Siete mai stati terroni? Il vibonese Giovanni Parisi una volta sì, quando era povero. Poi, veloce come i suoi pugni, è diventato un campione, uno dei più grandi che lo sport italiano abbia mai avuto. E più veloce ci ha lasciati, schiacciato tra le lamiere lungo le strade di Voghera, la città che lo aveva adottato. Aveva 42 anni. Lassù, nella provincia pavese dove il piccolo emigrante calabrese aveva trovato in palestra il rifugio dalle frecciate degli altri ragazzi sulle sue origini, Giovanni Parisi è ancora un eroe.
Oggi invece, pochi giorni dopo quello che doveva essere il suo 55esimo compleanno, di lui nella sua Calabria, nella sua Vibo, non restano che qualche sparuta traccia e sbiaditi ricordi. Eppure di questa terra – che oggi prova con dubbia grazia a intestarsi un briciolo dei successi di Marcell Jacobs celebrandone le estati rosarnesi – Giovanni Parisi resta il solo ad aver vinto una medaglia d’oro alle Olimpiadi moderne. Non solo: insieme a Nino Benvenuti e Patrizio Oliva (trionfatore però nell’edizione “dimezzata” di Mosca ’80) è l’unico pugile italiano ad avere aggiunto nella propria bacheca anche la cintura di campione mondiale, una volta passato tra i professionisti. Parisi di titoli iridati ne ha conquistati due, in altrettante categorie di peso differenti.
Un precedente illustre
Già, le Olimpiadi moderne. In quelle antiche, infatti, la Calabria se la cavava alla grande, tanto da potersi vantare di aver dato i natali a Milone da Crotone, probabilmente il più grande lottatore della sua epoca. Un uomo dall’appetito leggendario, come Michael Phelps, e che proprio come il plurimedagliato nuotatore statunitense aveva fatto incetta di allori olimpici imponendosi in sette edizioni tra il 540 e il 512 avanti Cristo.

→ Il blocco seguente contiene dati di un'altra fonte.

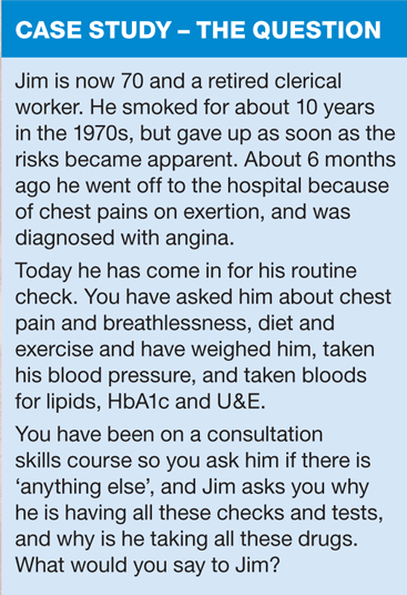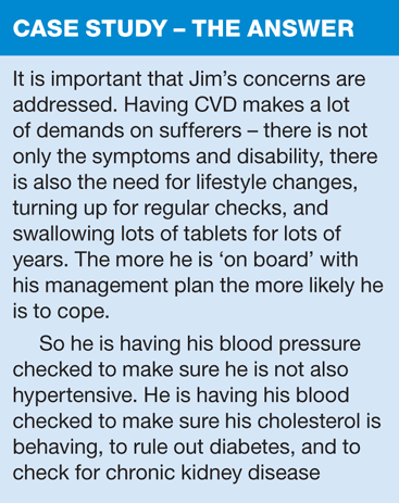 However, this report does point out the interconnectedness of circulatory diseases, emphasising a central feature that they do cluster in some individuals. If you have a patient with one circulatory problem, it is a good idea to look for others. And so your response to Jim must be an honest one — 'because you have angina you are at increased risk of having all manner of other unpleasant diseases, and the risk can be reduced by appropriate management'.
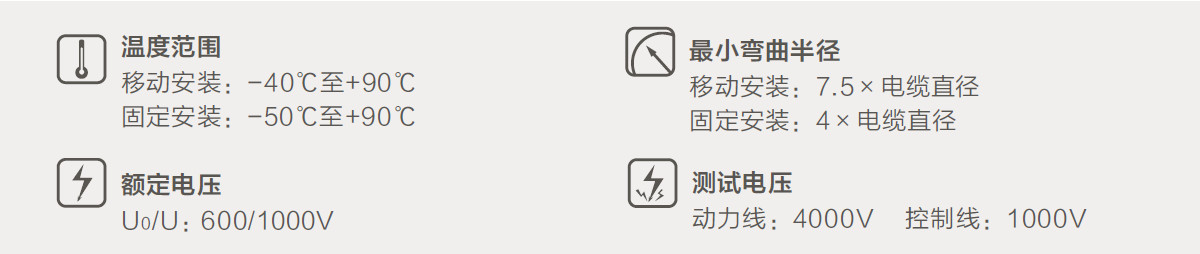 · 1000萬(wàn)次彎曲循環(huán),拖鏈行程100m,加速度50m/s2
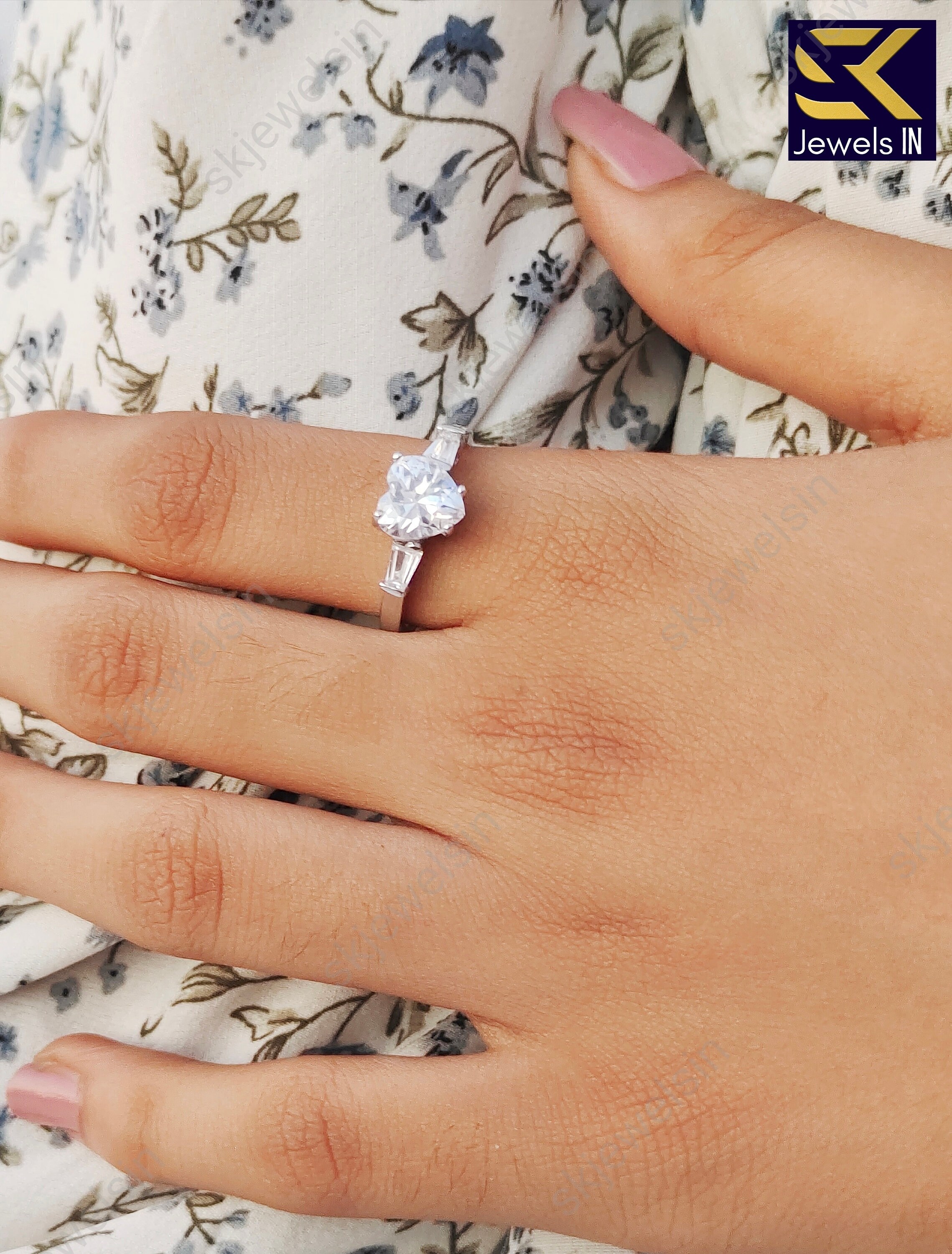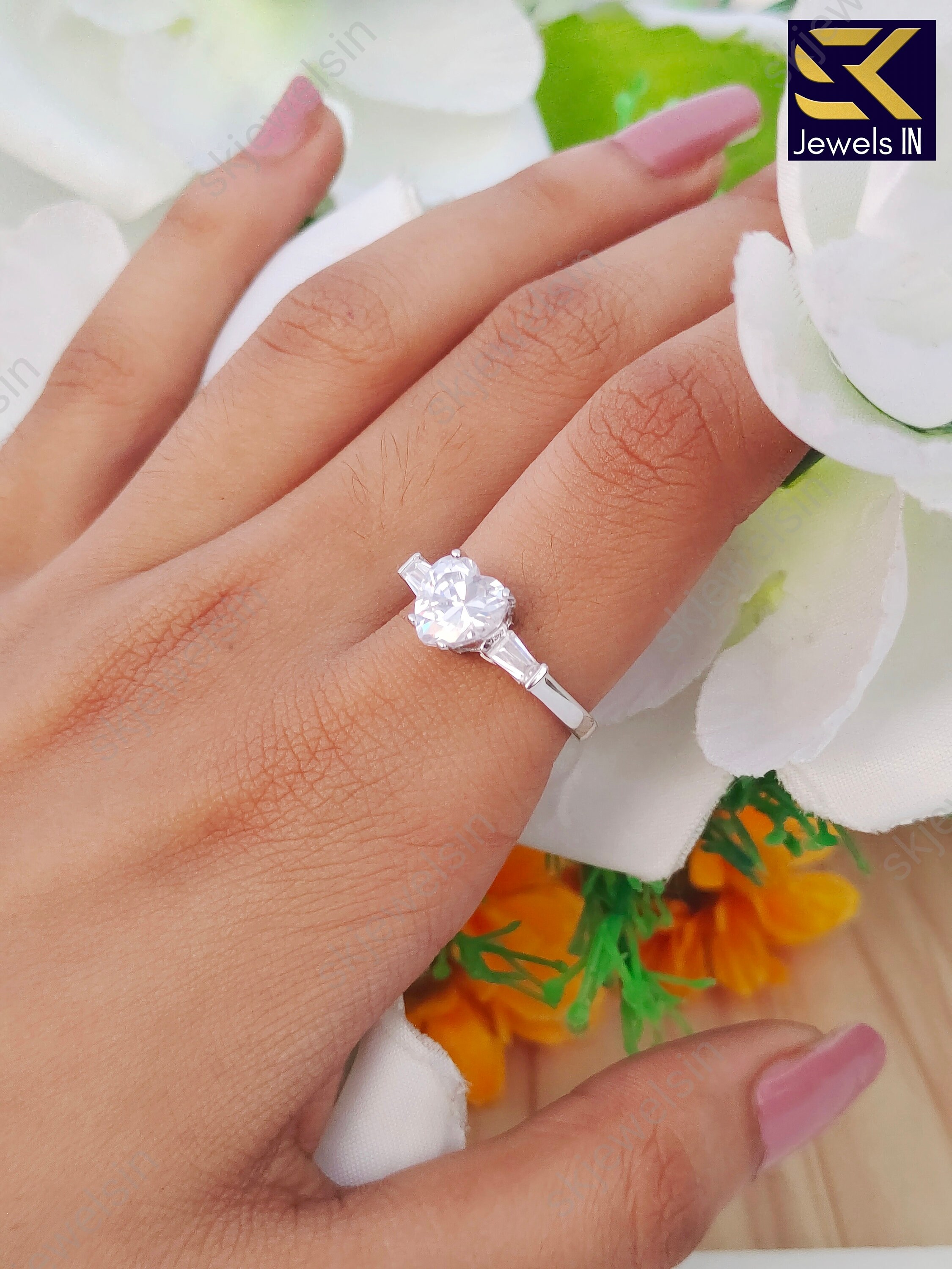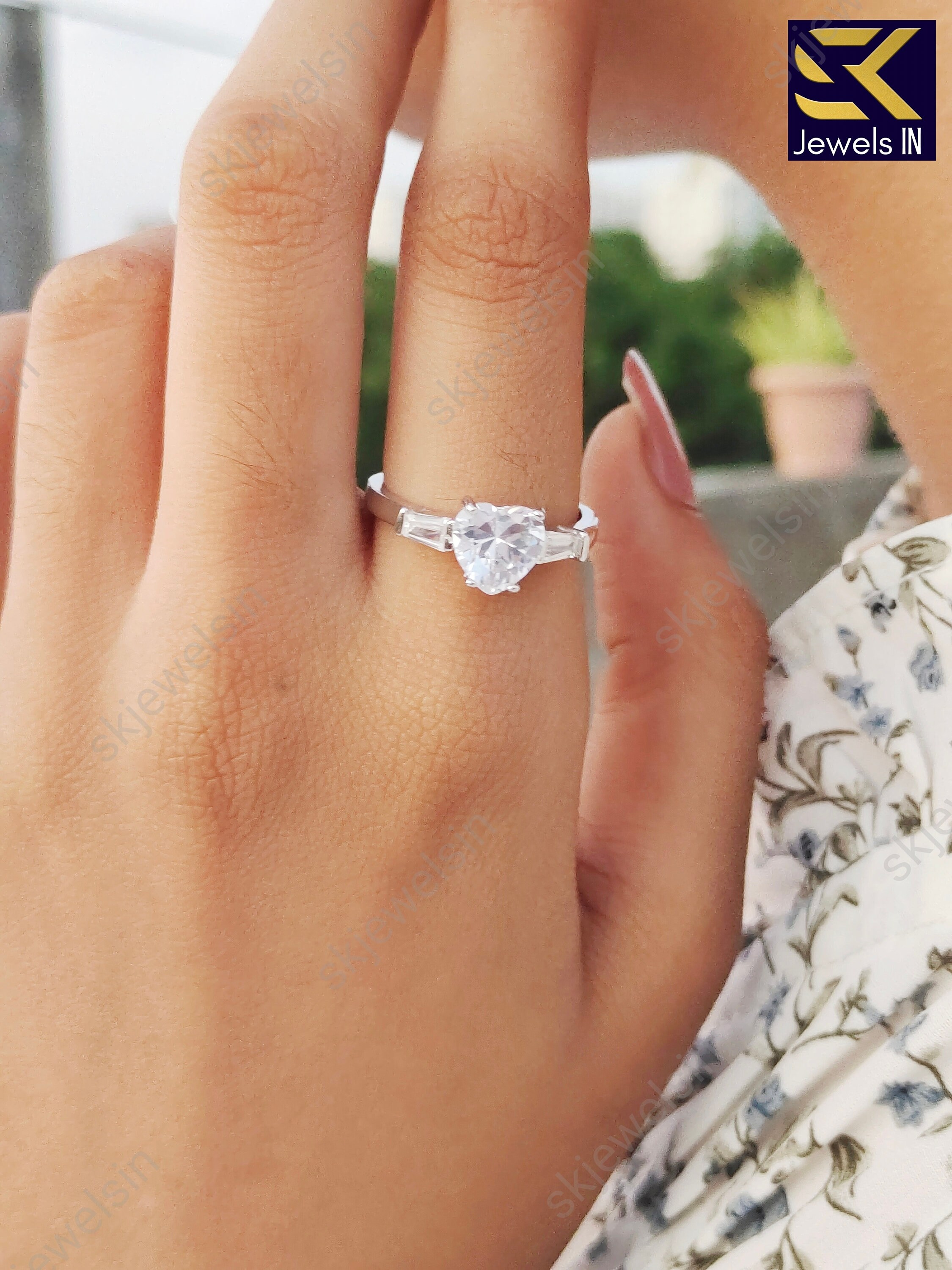 Heart Cut Moissanite Engagement Ring, 14K White Gold Three Stone Wedding Ring, Side Baguette Ring, Promise Ring For Women, Gifts for her
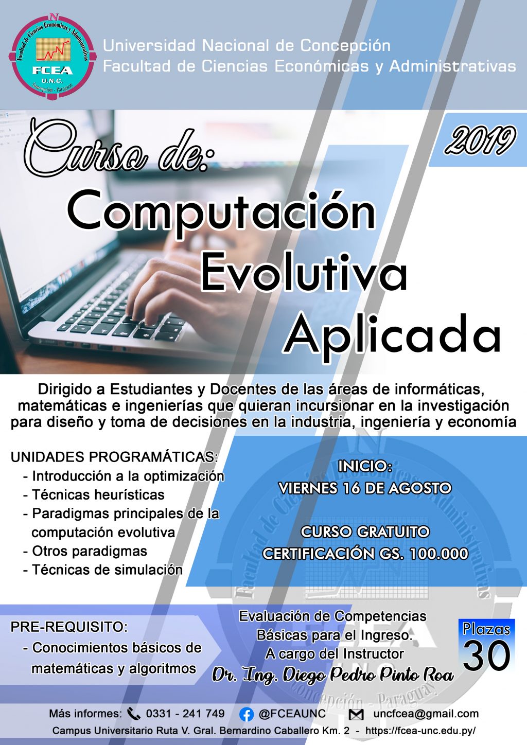 El desarrollo del Curso tendrá las siguientes características:• Local: Laboratorio de Informática FCEA – UNC.• Inicio: viernes 16 de agosto de 2019.• Horario: Viernes de 18:00 a 22:00 – Sábado

Di omaggi a Milone, però, il mondo è pieno. La Coca Cola gli ha dedicato una cartolina inserendolo tra i grandi campioni della storia delle Olimpiadi. C’è una città nel Maine (USA) che porta il suo nome. Senza contare la statua di Puget al Louvre oppure quelle nello stadio di Olimpia e nello stadio dei Marmi a Roma. O, ancora, il fatto che a citarlo nelle loro opere ci siano autori del calibro di Shakespeare, Rabelais, Dumas padre e Balzac. E come si chiama uno dei principali appuntamenti per gli appassionati di lotta greco-romana? Trofeo Milone. Giovanni Parisi, invece, di tributi, specie in Calabria, non ne ha mai ricevuti abbastanza. Né dopo la morte, sic transit gloria mundi, né quando la sua stella brillava sotto i riflettori al centro del ring.
Da Vibo a Voghera
Giovanni Parisi nasce a Vibo il 2 dicembre del 1967 ma l’abbandona ancora bambino; sua madre Carmela vuole lasciarsi alle spalle un marito uccel di bosco e cercare fortuna al Nord. Ci prova prima a Pavia, poi a Voghera. Carmela non gode di buona salute ma si ammazza di lavoro, dovunque lo trovi, per sfamare i suoi tre figli. Gli anni ’70 passano e Giovanni ha sempre meno voglia di trascorrerli tra i banchi. Irrequieto, diffidente, non esattamente il beniamino di tutti a causa delle sue origini e delle ristrettezze economiche. Una volta salta fuori dalla finestra della scuola (per fortuna la classe è al pian terreno) per darsi alla fuga. Il modo di scappare da quella vita lo trova nella boxe, sport di poveri per poveri.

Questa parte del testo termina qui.